The Taliban in Afghanistan showcased what happens when an insurgency does decide to frustrate the democratic process. After the US-led intervention in 2001, the Taliban insurgency in Afghanistan needed several years to take hold. In part, they were granted time to regroup, but it was predominantly those that held power – the Afghan government and the power brokers – that drove swathes of have-nots into the arms of the Taliban. The first presidential elections in October 2004, secured by the Afghan National Security Forces and the NATO-led International Security Assistance Force (ISAF), were violent by any standards. Several members of the electoral management body were killed. Five years later, in August 2009, the first round of the presidential elections was the most violent day in the country since ISAF started registering incidents. Already in the middle of a violent “fighting season”, this election day was several times more violent than the average summer day. As a result, voter turnout in the Southern Pasthun provinces was minimal, a fact that even massive fraud in favour of the incumbent Pashtun candidate President Karzai could not compensate. According to non-governmental organisations, the subsequent parliamentary elections in September 2010 again broke the record for violent attacks on a single day. Although arguably the Afghan government’s legitimacy is equally tainted by its enormous level of corruption, violent elections have certainly not contributed to the government’s legitimacy and credibility.

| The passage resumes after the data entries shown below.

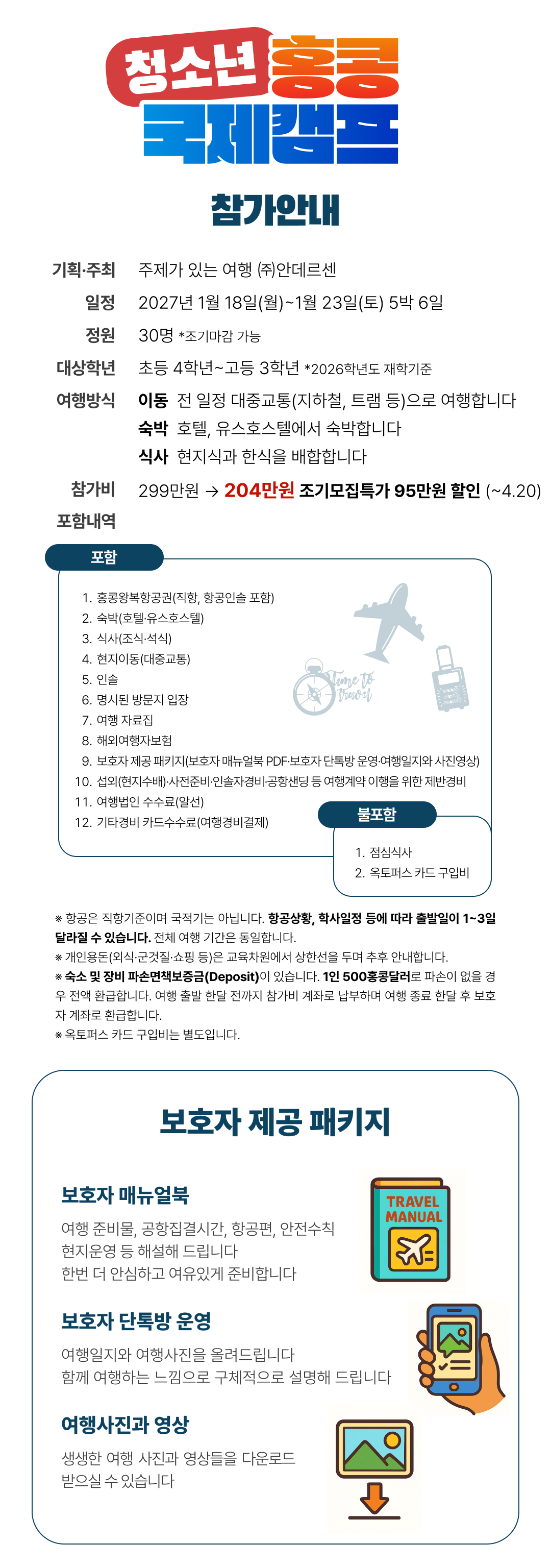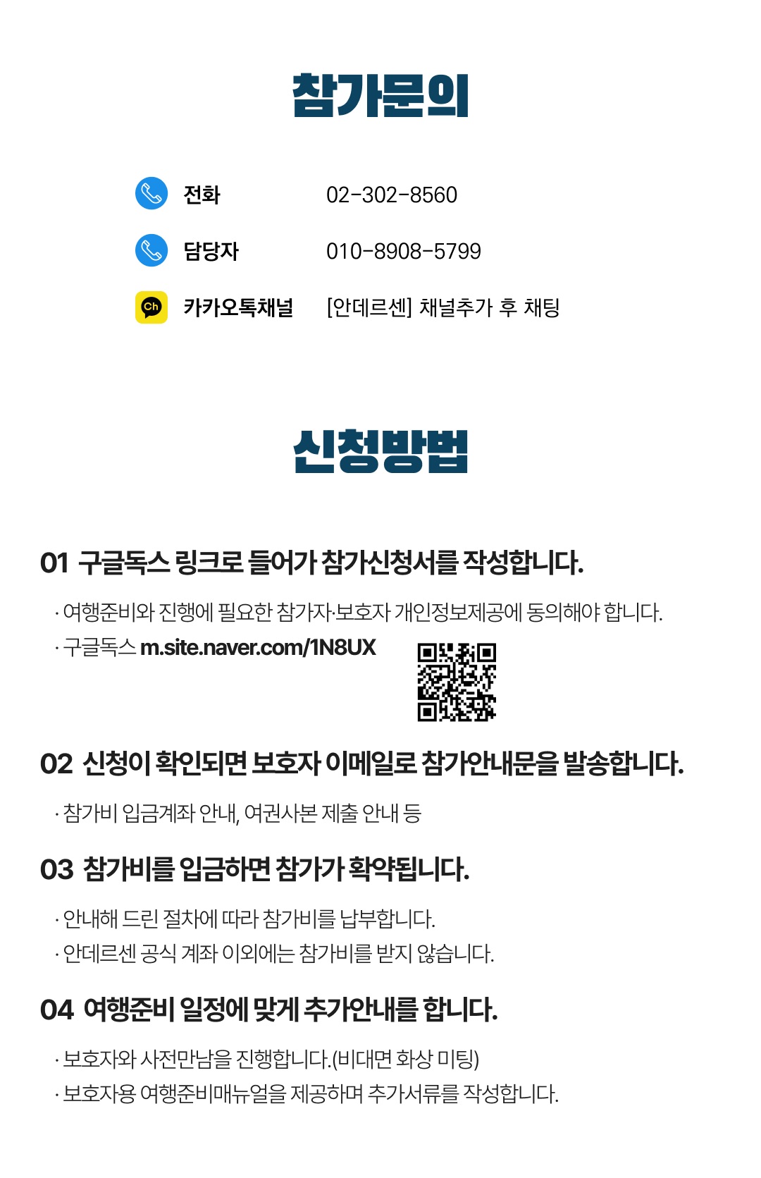 상세한 여행준비를 위해 구글 참가신청서를 작성해주셔야 합니다. 구글독스 참가신청서를 작성하지 않으면 정상적으로 예약이 접수되지 않습니다. 클릭하면 바로 구글 참가신청서로 연결됩니다.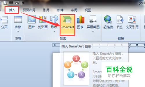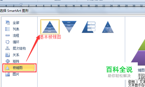 【插入“SmartArt”】 今天制作彩色金字塔形状,需要使用“SmartArt”里面的一种棱锥图样式。 打开Word 2010文档的“插入菜单”,点击【SmartArt】选择里面的“基本棱锥图”,用于显示比例关系、互连关系或层次关系,最大的部分位于最底下。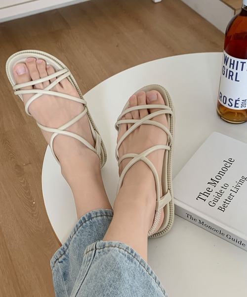 ◆POINT◇女性らしい大人カジュアルなスタイリングが楽しめるフェイクレザー素材のサンダルクロスストラップのデザインで足元を華奢に見せてくれますソールに厚みがある、厚底デザインがカジュアルな雰囲気をさらに増します◎インソールのクッションが脚の疲れを軽減してくれるので、歩きやすいです!その日の服のスタイリング次第でスポーツテイストにも使えるので、今期のマストアイテムです!※合成素材は特性上、多少の石油のようなにおいがする場合がありますので、気になる際には風通しの良いところに保管していただくことをお勧めいたします 【2色展開】ブラック/アイボリー※着用身長によって画像イメージと異なる場合があります。 ※撮影環境により、実際のカラー、形状、デザイン等多少異なる場合がございます。【サイズ表記】商品の記載サイズと実際のサイズ目安になりますので、ご確認のうえ、お買い求めください・36サイズ 目安 ⇒ 22.5cm~23cm相当・38サイズ 目安 ⇒ 23.5cm~24cm相当・40サイズ 目安 ⇒ 24.5cm~25cm相当▼POINT・2023SS・2023春夏・夏コーデ・カジュアル・トレンド・韓国ファッション・フェミニン・レースアップ・PU・レースアップシューズ・大人カジュアル 《 お知らせ 》 ▼商品のお気に入り登録 お気に入りアイテムの値下げ・再入荷・在庫1点などの通知を受け取ることができます。 ▼ブランドのお気に入り登録 新商品や再入荷、セール、クーポン配布などお得な情報を受け取ることができます。是非、お気に入り登録してみてください♡

Like the Taliban, the different terrorist groups in northern Mali are a disparate and divided lot. For the Taliban, a system of decentralised leadership has proved effective, in spite of relentless ISAF targeting. The Taliban strategic leadership, out of ISAF’s reach in Pakistan, sets out broad directives for local commanders. They then decide how to translate these into action, and the system has been extremely effective during elections. In Mali, terrorists organisations are even less homogeneous than the Taliban. A collection of interconnected networks, they are plagued by internal strife and leadership differences. Those that survived the French onslaught earlier this year are now either recuperating in the desert in southern Libya, or are starting a budding insurgency in Mali. The use of improvised explosive devises is frequent and suicide attacks – an unknown phenomenon in Mali until February 2013 –  are now a regular occurrence. So why did nothing significant happen on 28 July and 11 August? Most probably, it is because the different groups still have to regroup and reorganise. The short time lapse between their conventional defeat and the elections, the loss of their safe haven in the Adrar des Ifoghas and the death of many fighters must have made the groups incapable of orchestrating a coordinated effort.

The absence of violent attacks during the elections in Mali is an indication of the current weakness of al Qaeda, MUJAO and Ansar Dine. This, however, does not mean they are defeated. The counter-terrorism instrument of offensive military action probably has met its limits. Any attempt to eradicate the remaining elements of radical Islamists by military means will probably pour petrol on the embers. What is now needed is a process of reconciliation between the different groups in northern Mali, from Tuareg to Arabs and Songhai. This will be a huge challenge for Ibrahim Boubacar Keïta, the elected President, who will also have to break out of a vicious circle of corruption and nepotism. But the good news is that these peaceful elections will at least offer him a window of opportunity. French insistence to hold elections sooner rather than later, despite strong voices against such a move, has thus far been proved right. Support by the international community beyond the military offensive and for the newly-elected government is therefore crucial. Above all, these elections should remind analysts of Sherlock Holmes’ dog that did not bark. One should not only focus on events that did happen, but also on those that did not, despite the fact that they could have happened. Considering MUJAO’s threat to disrupt the elections, the dog did indeed bark, but it certainly failed to bite.